At step 120 of the method, the distributed data system receives a query from an authorized user. To protect the identity and privacy of the authorized user, the query is digitally signed and encrypted. According to an embodiment, the encrypted query is digitally signed by the query entity using a Camenisch-Lysyanskaya signature (CLS) digital signature method, although other digital signature methods are possible. According to an embodiment, the encrypted query is encrypted using a cryptographic authentication method.
According to an embodiment, the Camenisch-Lysyanskaya signature (CLS) digital signature method is leveraged for secure digital signature. The CLS method is described, for example, in “Signature schemes and anonymous credentials from bilinear maps,” Camenisch and Lysyanskaya, Advances in Cryptology Vol. 3152:56-72 (Springer Verlag, 2004). According to an embodiment, the cryptographic authentication method is a zero-knowledge Succinct Non-interactive Arguments of Knowledge (zk-SNARK) method, which is a cryptographic proof technique for establishing knowledge or ownership in a manner that preserves confidentiality while minimizing the amount of bandwidth used for communication. With zk-SNARKs, parties that have access to a proving key can produces cryptographic proofs that parties owning the verifying key can verify. As an alternative, a zero-knowledge Scalable Transparent ARguments of Knowledge (zk-STARK) method can similarly be utilized.
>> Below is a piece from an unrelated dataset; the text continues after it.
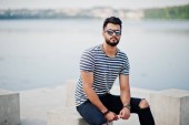 Stylowe, wysoki mężczyzna arabian modelu w białej koszuli, dżinsy i okulary stwarzane przy ulicy miasta. Broda bogaty atrakcyjnym facetem arab przeciwko suv biały samochód.
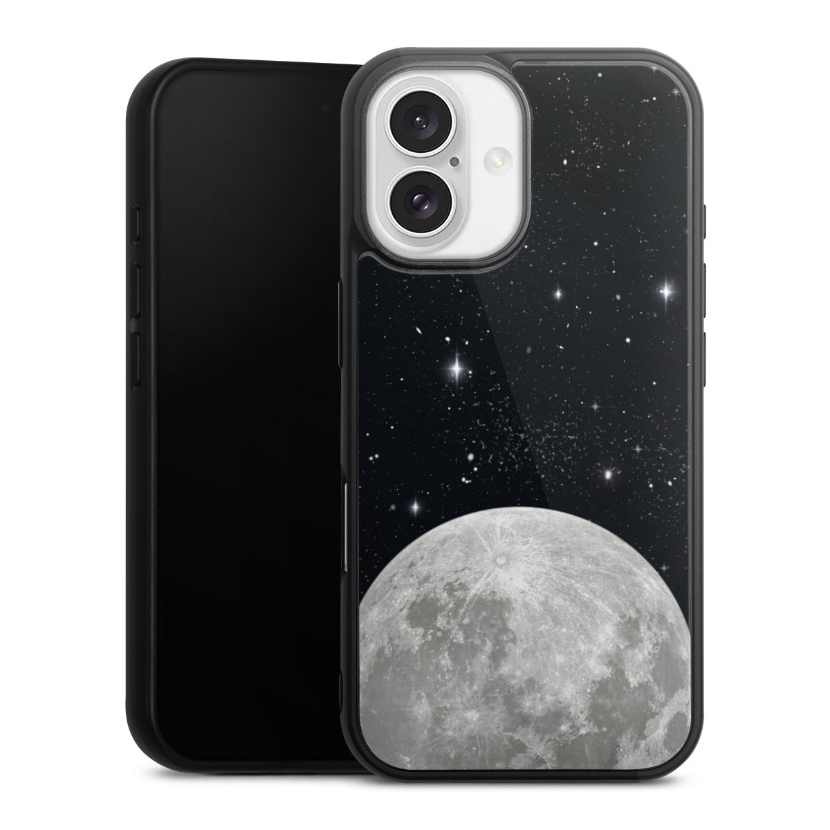 We print your design on the back of the glass inlay and then connect it firmly to the silicone case ,so that nothing sticks out and everything looks like it was cast from one piece. In addition, the sturdy glass element is protected from scratches by an additional coating and ensures a slight reflection on the shiny print image.

According to an embodiment, the method anonymizes both research identities and logged queries, thereby limiting each participant in the system to the minimum amount of information they need access to enable the functioning of the system. Referring to
Referring to
According to an embodiment, the data system enables the following: (i) the authorized researcher/entity signs the query using the CLS signature method for a private key x, with the corresponding public key R included with the query, and the researcher/entity encrypts their unique id (UUID) and a timestamp (Ti) with Y, which is the public key of the rule enforcing party. Also, the data system enables the following: (ii) the authorized researcher/entity includes a zk-SNARK (or zk-STARK) proof that the encryption is a correct encryption, and the authorized researcher/entity signs at minimum the public key R and the encryption with an anonymizing signature scheme such as a ring signature.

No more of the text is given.